# Work required:
Reproduce only what runs from the line containing "Жилая площадь 26.7 м2" to the line containing "Rose lipbalm I" in the records below, inclusive. Keep it exact, and keep the pictures out.

# Supplied data:
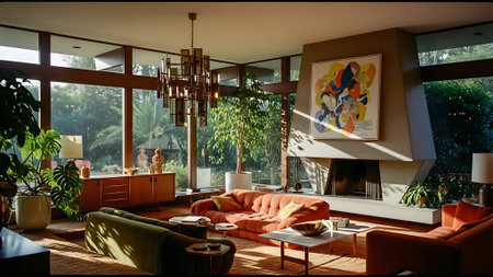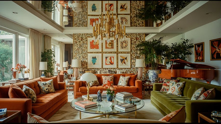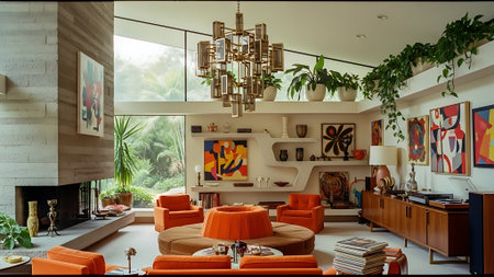 A stylish mid-century modern living room featuring orange sofas, a coffee table with books, a large artwork on the wall, and a potted plant
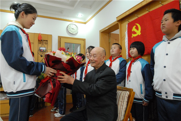 “我當兵的時候才13歲,那時候年紀小……”91歲的傅孝先現(xiàn)在說起那段戰(zhàn)火紛飛的崢嶸歲月,眼睛里依舊閃耀堅毅的光芒?!?月12日,山東省青島市即墨區(qū)環(huán)秀街道興家疃小學的孩子們帶著鮮花來到山東省青島市即墨區(qū)環(huán)秀街道磨市村91歲的老黨員傅孝先家中,聽老人講述當年的革命故事。讓孩子們從老黨員的故事中學黨史、感黨恩、跟黨走,推動黨史學習教育走心、走深、走實。
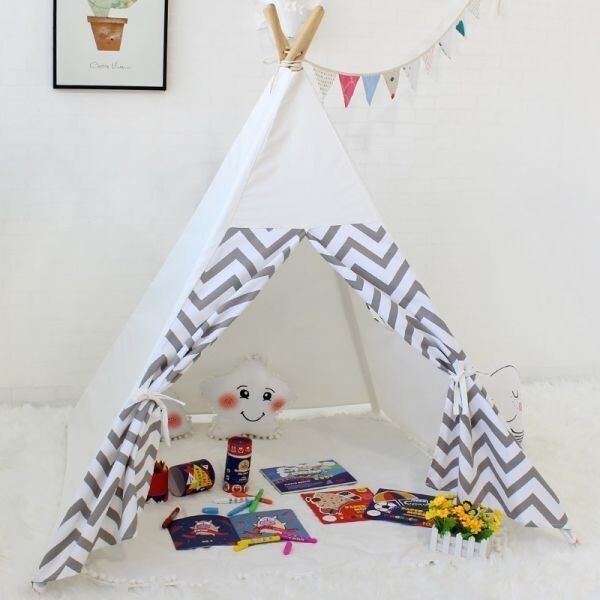 - 子供の テント 小屋 プレイテント 100% コットン キャンバス グレー ストライプ 子供 マット 屋内 屋外 玩具 DJ1929
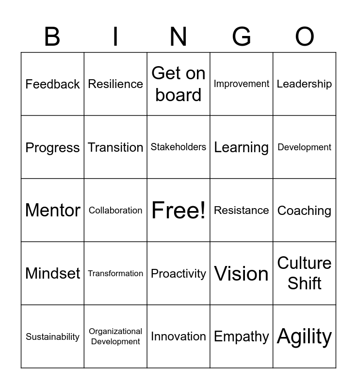 This bingo card has a free space and 48 words: Adaptation, Agility, Change Management, Innovation, Transformation, Readiness, Resilience, Flexibility, Progress, Evolution, Transition, Improvement, Culture Shift, Vision, Strategy, Communication, Stakeholders, Resistance, Sponsorship, Leadership, Collaboration, Empathy, Feedback, Learning, Growth, Development, Sustainability, Adaptability, Proactivity, Mindset, Change Curve, Initiative, Change Network, Continuous Improvement, Organizational Development, Super Hero, Change Request, Coaching, Customer Focus, Culture Change, Barriers to Change, Change Leadership, Get on board, Champion, Mentor, Positivity, New and Training.
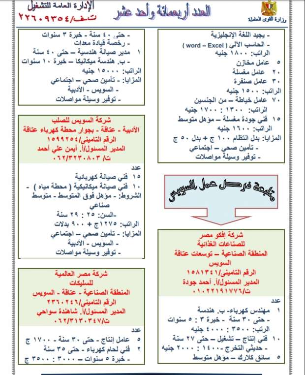 صور القوى العاملة تعلن عن 2782 وظيفة شاغرة برواتب تصل إلى 4000 جنيه أي خدمة الوطن
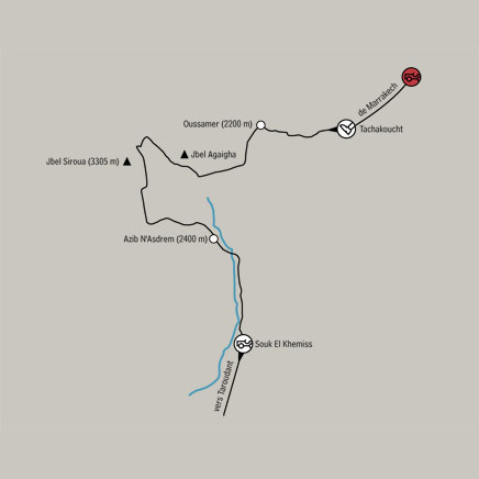 6. Azib N’Asdrem–Ouled Berhil. Descente de la vallée de Timighad jusqu’au Souk El Khemiss. Arrivée vers midi pour le pique-nique. Départ en 4x4 (4 heures) par la route de Taliwine jusqu’à Ouled Berhil. Nuit et repas du soir au riad.
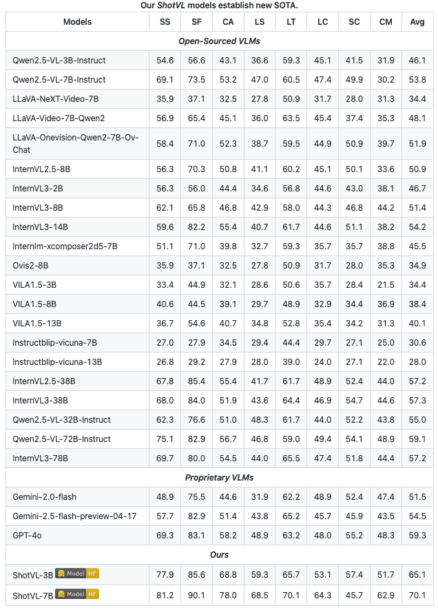为此,我们进一步构建了大规模训练集 ShotQA,并提出以 SFT+GRPO 训练的 ShotVL,在各维度与总体结果上均取得领先表现。
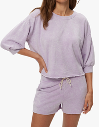 The Julia Elbow Puff Sleeve Pullover by Michael Stars is crafted in mineral wash terry for a relaxed, lived-in look. Elbow-length puff sleeves and a distressed hem add subtle edge to this easy everyday layer.
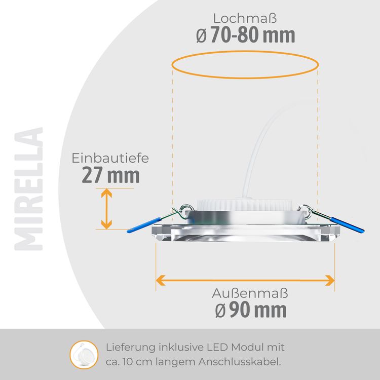 Die Montage der Glas-Einbauleuchte ist zügig erledigt und unkompliziert. Der Spot wird mit einer LED-Lampe inklusive Anschlussleitung für den Direktanschluss an 230 Volt geliefert – kein zusätzlicher Trafo notwendig. Der Leuchtmittelwechsel gelingt einfach und schnell.
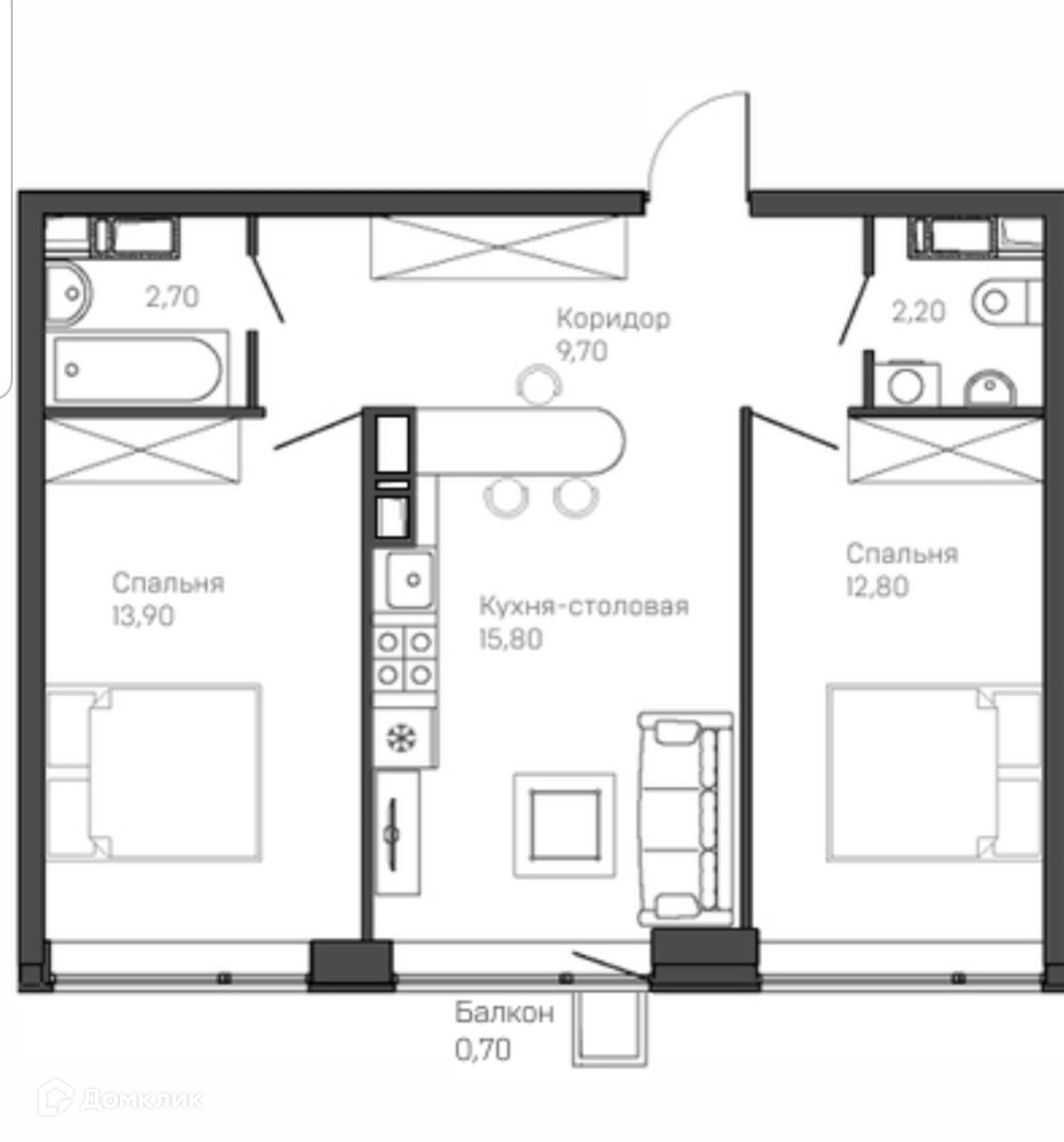 Жилая площадь 26.7 м2
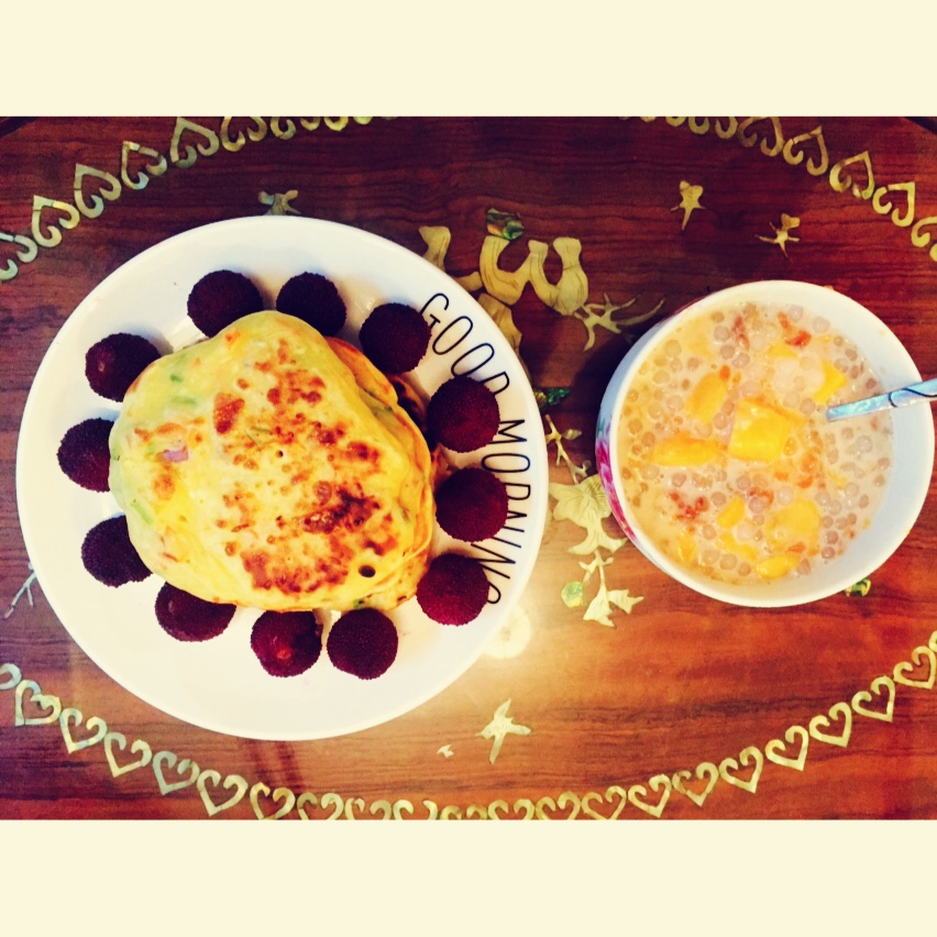 今早老公要喝中药前吃早餐,所以速成早餐了。恰好昨晚留下一碗饭,就加了鸡蛋、韭菜、火腿肠煎好,豆浆机打了一扎玉米南瓜山药牛...
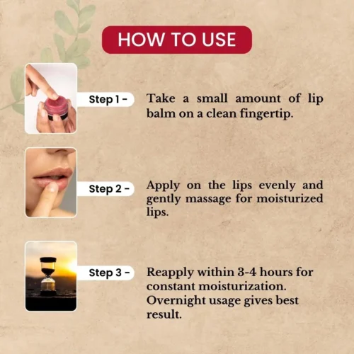 Rose lipbalm I normally have to apply lip balm every cOuple of hrs but I haven’t applied the rose lip balm after first usage,adequate moisture to lips even after 6 hrs + and it smells heavenly
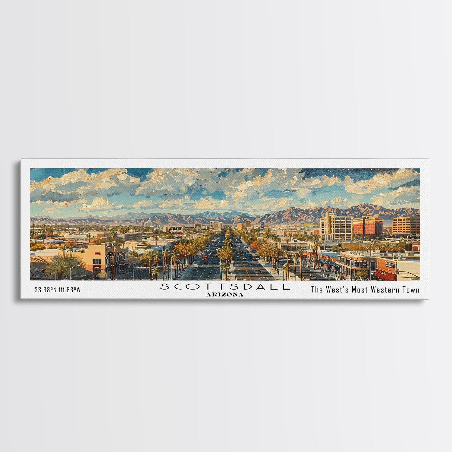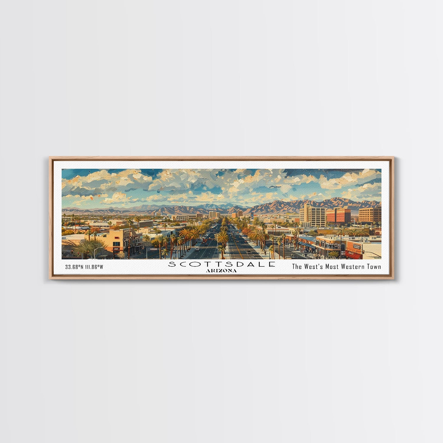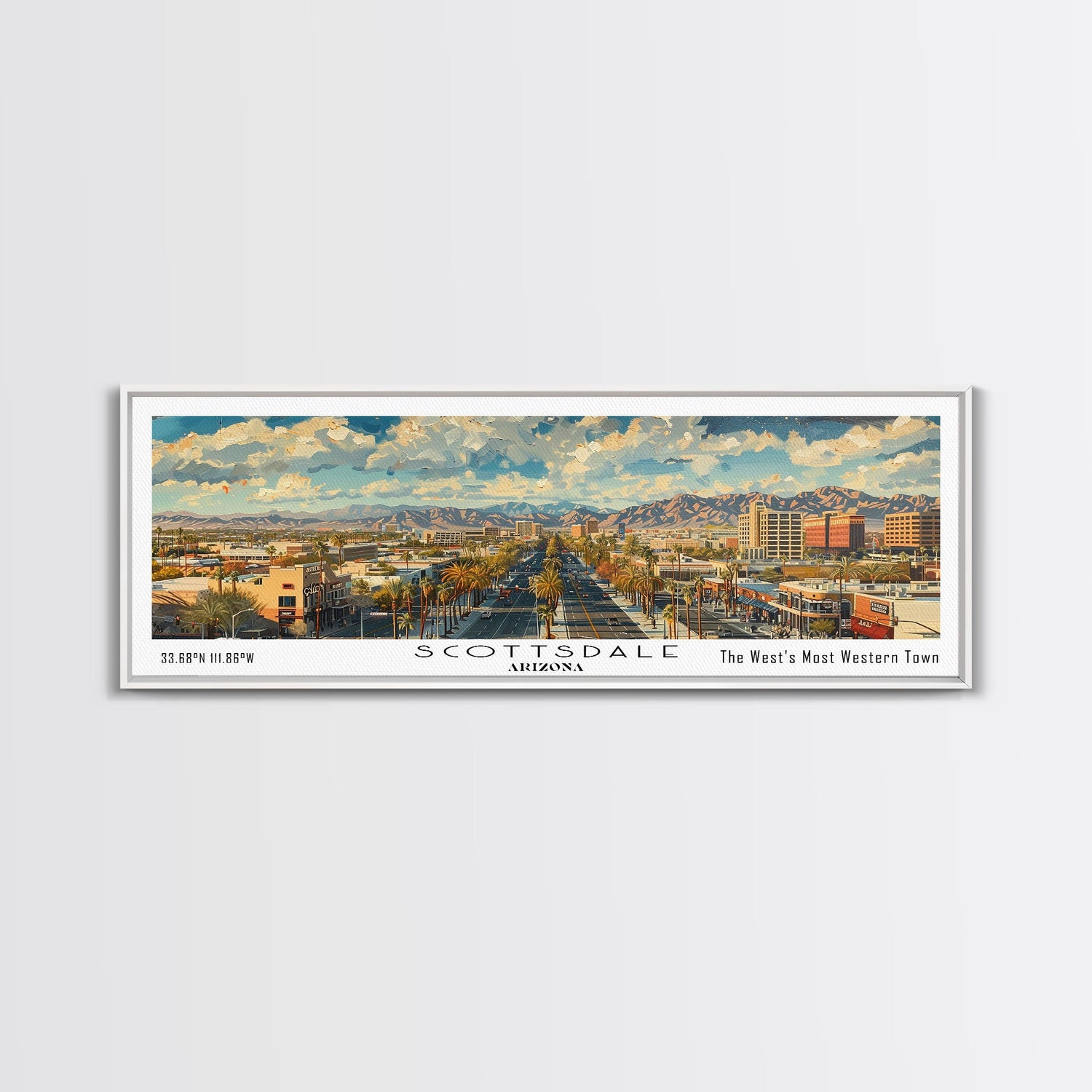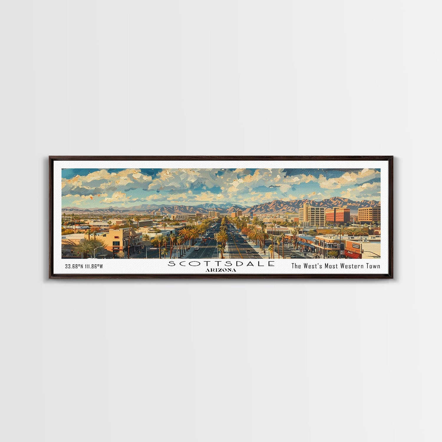 Scottdale Arizona Travel Poster, Framed Canvas Print, Wall Art, Home Decor, Travel Print, Office Decor, Living Room Art, Gift Idea - 10x30 Inches / No Frame - Stretched Canvas Only is backordered and will ship as soon as it is back in stock.
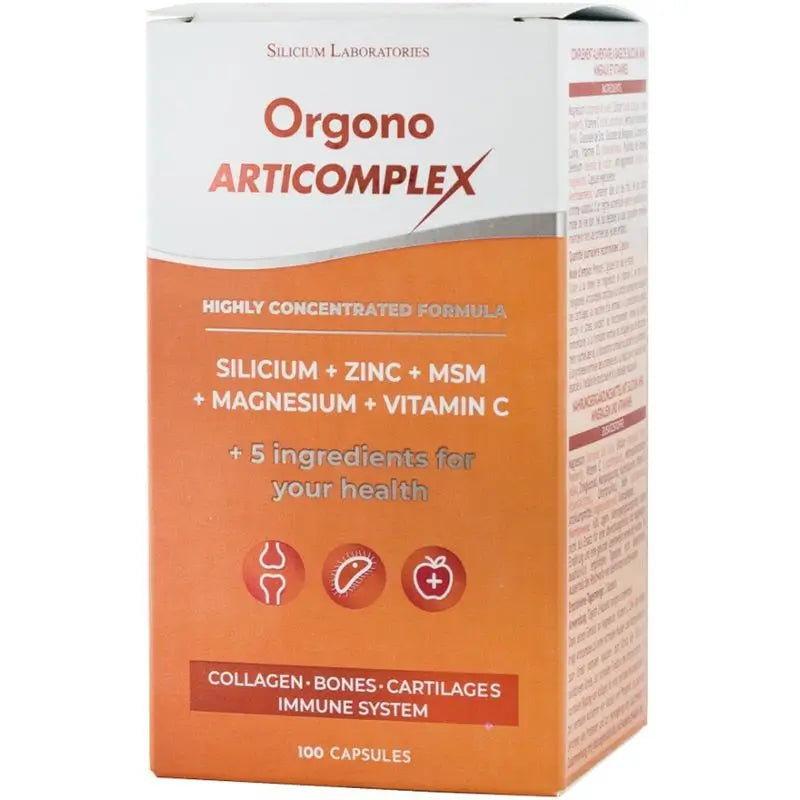 https://www.farmaciasdirect.es/products/silicium-orgono-articomplex-100-capsulasSI8437006679466Silicium Orgono Articomplex , 100 cápsulasOrgono Articomplex es un suplemento natural en forma de cápsulas que está diseñado para mejorar la salud de las articulaciones y los huesos. Contiene una combinación de ingredientes naturales que ayudan a reducir la inflamación, aliviar el dolor y promover la regeneración de los tejidos articulares. Este producto es ideal para personas que sufren de problemas articulares como la artritis, la artrosis o lesiones deportivas. Su fórmula única proporciona nutrientes esenciales para fortalecer los huesos y mejorar la movilidad.Modo de empleoEl modo de empleo de Orgono Articomplex es tomar 2 cápsulas al día, preferiblemente con las comidas. Se recomienda tomarlas con un vaso de agua. Es importante seguir las indicaciones del fabricante y consultar a un profesional de la salud antes de comenzar cualquier suplemento.IngredientesIngredientesMagnesio (carbonato y óxido), silicio (ácido silícico, Orgono® Powder), vitamina C (ácido L-ascorbido), metilsulfonilmetano, zinc (gluconato de zinc), manganeso (gluconato de manganeso), cobre (gluconato de cobre), vitamina D3 (colecalciferol), cromo (picolinato de cromo), selenio (selenito sódico). Excipientes: estearato de magnesio (antiaglomerante). Cápsula vegetal. Proporciona 15 mg de Silicio elemental por 2 cápsulas equivalente a 51,42 mg de ácido silícico de máxima absorción.https://www.farmaciasdirect.es/cdn/shop/files/silicium-orgono-articomplex-100-capsulas.webp?crop=center&height=300&v=1725066562&width=300https://www.farmaciasdirect.es/cdn/shop/files/silicium-orgono-articomplex-100-capsulas.webp?crop=center&height=100&v=1725066562&width=10033.339.876.5716.48
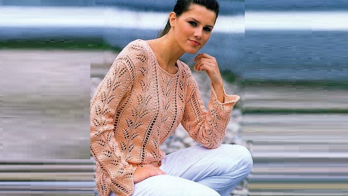 Ажурные веточки на кофточке нежно-персикового цвета спицами

# Written solution:
 Жилая площадь 26.7 м2
 今早老公要喝中药前吃早餐,所以速成早餐了。恰好昨晚留下一碗饭,就加了鸡蛋、韭菜、火腿肠煎好,豆浆机打了一扎玉米南瓜山药牛...
 Rose lipbalm I normally have to apply lip balm every cOuple of hrs but I haven’t applied the rose lip balm after first usage,adequate moisture to lips even after 6 hrs + and it smells heavenly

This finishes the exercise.